INFONAWACITA.COM – Sejumlah pengamat politik menilai konten debat kandidat pertama yang digelar Komisi Pemilihan Umum Daerah (KPUD) DKI Jakarta, Jumat (13/1) pekan lalu masih sebatas jargon teoritis dan belum mengekplorasi visi serta misi kandidat hingga pada tataran praxis.

 

Padahal debat kandidat menjadi ajang bagi ketiga kandidat pasangan calon Gubernur DKI Jakarta memperebutkan swing voters (pemilih mengambang) sebanyak 30 persen.

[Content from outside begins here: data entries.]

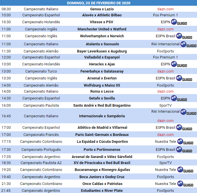 Confira os jogos deste domingo: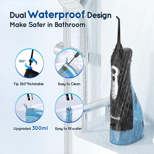 Long-lasting Battery Life & Waterproof Design: The water flosser cordless features a powerful battery that charges in just 3 hours, providing up to 50 days of continuous use. The included USB cable allows for charging via power banks, computers, or laptops. With an IPX7 waterproof rating and double-sealing rings, this water floss is safe to use in the shower without worry of leaks.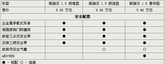 在安全配置方面,只有豪華型配置了ABS+EBD,其他如承載式車身、車門防撞梁、三點安全帶等都是基本安全配置,而安全氣囊則是選裝配置,這有點吝嗇了。

Direktur Populi Center, Usep S Ahyar mengatakan dari survei yang pernah mereka lakukan di Jakarta, swing voters didominasi oleh pemilih rasional. Karena itu, kata Usep, visi misi yang disampaikan oleh pasangan calon haruslah realistis dan bisa menghubungkan antara visi misi dengan program kerja yang konkret.

 

“Harus disadari swing voters itu pemilih rasional, maka disini pasangan calon  harus mampu memperlihatkan solusi yang baik, harus bisa menjelaskan hubungan antara visi misi dengan program kerja dan sebagainya,” kata Usep dalam diskusi bertajuk “Dinamika Pilgub Pasca Debat Kandidat” di Gedung Widya Graha LIPI, Kamis (19/1).

 

Hal senada diungkapkan peneliti senior Lembaga Ilmu Pengetahuan Indonesia (LIPI), Syamsuddin Haris yang menilai penampilan Anies Baswedan dalam debat tersebut cukup memukau, namun cenderung teoritis dalam menerjemahkan visi dan misinya.

 

Haris mencontohkan program yang sering diungkapkan Anies, yakni pembangunan manusia dan meningkatkan kebahagian manusia Jakarta, tapi tidak diberi contoh yang konkret seperti apa.

 

“Teori itu tidak cukup. Di komunitas terdidik butuh penjelasan, pembangunan manusia seperti apa. Presiden Soeharto bahkan programnya menciptakan manusia Indonesia seutuhnya, tapi bentuknya seperti apa berhenti sebagai jargon saja,” kata Haris.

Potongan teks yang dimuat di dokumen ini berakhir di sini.